The organizers of the Press Conference dinner have decided to go ahead with the date they have already been planning around.

And the Daily Mail has weighed in with plenty of questions about whether having a full-on royal wedding right now is in any way appropriate… though even they do admit William and Kate are stuck in a kind of damned if they do, damned if they don’t situation as far as publicity goes. After all, if they throw a lavish do, they’ll get flak for being wasteful and grossly out of touch with the masses of unemployed. On the other hand, if they have a quiet wedding in private, at least as many people will raise a ruckus for having been given no royal spectacle, and start to speculate on why they hid away on such an important occasion for the state.

The sad part is that in the end, this particular happy couple have less say in their own wedding plans than the average couple. Many of the decisions are based on tradition, protocol, and upholding the dignity of the monarchy.

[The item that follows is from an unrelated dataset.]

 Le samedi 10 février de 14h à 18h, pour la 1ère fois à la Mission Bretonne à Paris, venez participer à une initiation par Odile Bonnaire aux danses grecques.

Me? I’m not going to rag on them for decisions largely made by a phalanx of major domos and political advisors. I’m just going to hope that William and Kate have a long, happy life together.

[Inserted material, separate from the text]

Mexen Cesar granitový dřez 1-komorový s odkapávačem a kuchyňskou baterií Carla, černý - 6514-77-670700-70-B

It’s no more and no less than I would wish for any couple as they embark on the journey of marriage.

Eight Carats Not Enough?


I’m sure everyone here wishes the greatest possible joy to tennis star Maria Sharapova and her fiance, basketball player Sasha Vujicic. I know I do. I wish that to all couples in love.

And I certainly hope that she loves the purportedly eight-carat diamond ring she’s been sporting in honor of the engagement.

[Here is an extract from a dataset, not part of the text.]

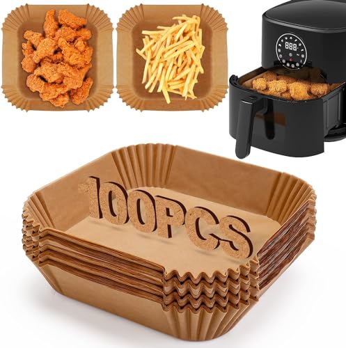 McMola - McMola 100 Pcs Air Fryer Liners, Air Fryer Accessories, Air Fryer Disposable Parchment Paper Liner, Compatible with Ninja AF300UK AF400UK, Salter and Other Dual Zone Air Fryer(7.87in/20cm Square)

Now, with that out of the way, I clearly need to send a copy of Miss Manners to writer Chris Chase for penning this ‘whimsical’ piece on how Mr. Vujacic has cheaped out on the ring by not spending Chase’s estimate of Vujacic’s two-month salary. Chase estimates that two months worth of Vujacic’s salary comes out to $912,000.00, making the mere $250,000.00 he’s reported to have spent a pittance.*

Sigh.

We’ve been over and over and over this point here at Manolo for the Brides. Two months’ salary for an engagement ring is not etiquette. It was an advertising slogan for DeBeers. You know, the people who sell diamonds. Etiquette considers it painfully rude to even enquire as to the price of someone’s jewelry, let alone a piece so imbued with symbolism. Etiquette would also be appalled at estimating someone’s salary, even when it’s a matter of public record, for the purpose of shaming them into spending more of it. Seriously, these are things over which etiquette has a painful attack of the vapors.

I’ve said it before and I’ll say it again: when choosing an engagement ring, the gentleman should consider the taste of his lady and the state of his bank account (and credit rating). The lady, given the choice, should be thoughtful of his wallet. Everyone else in the universe should just butt out. Er… with the possible exception of the jeweler who is sort of required if the ring is being bought new or adapted from a not-so-new source.

Besides, if Mr. Twistie had followed the two months salary ‘rule’ I would never have gotten the engagement ring I wanted. It didn’t cost nearly that much.

*(I know the article is meant to be humorous, but it’s still based on a crass assumption that needs to be deflated at every possible opportunity. Way too many people think that ‘rule’ is a real one, so I continue to tilt at this particular windmill.)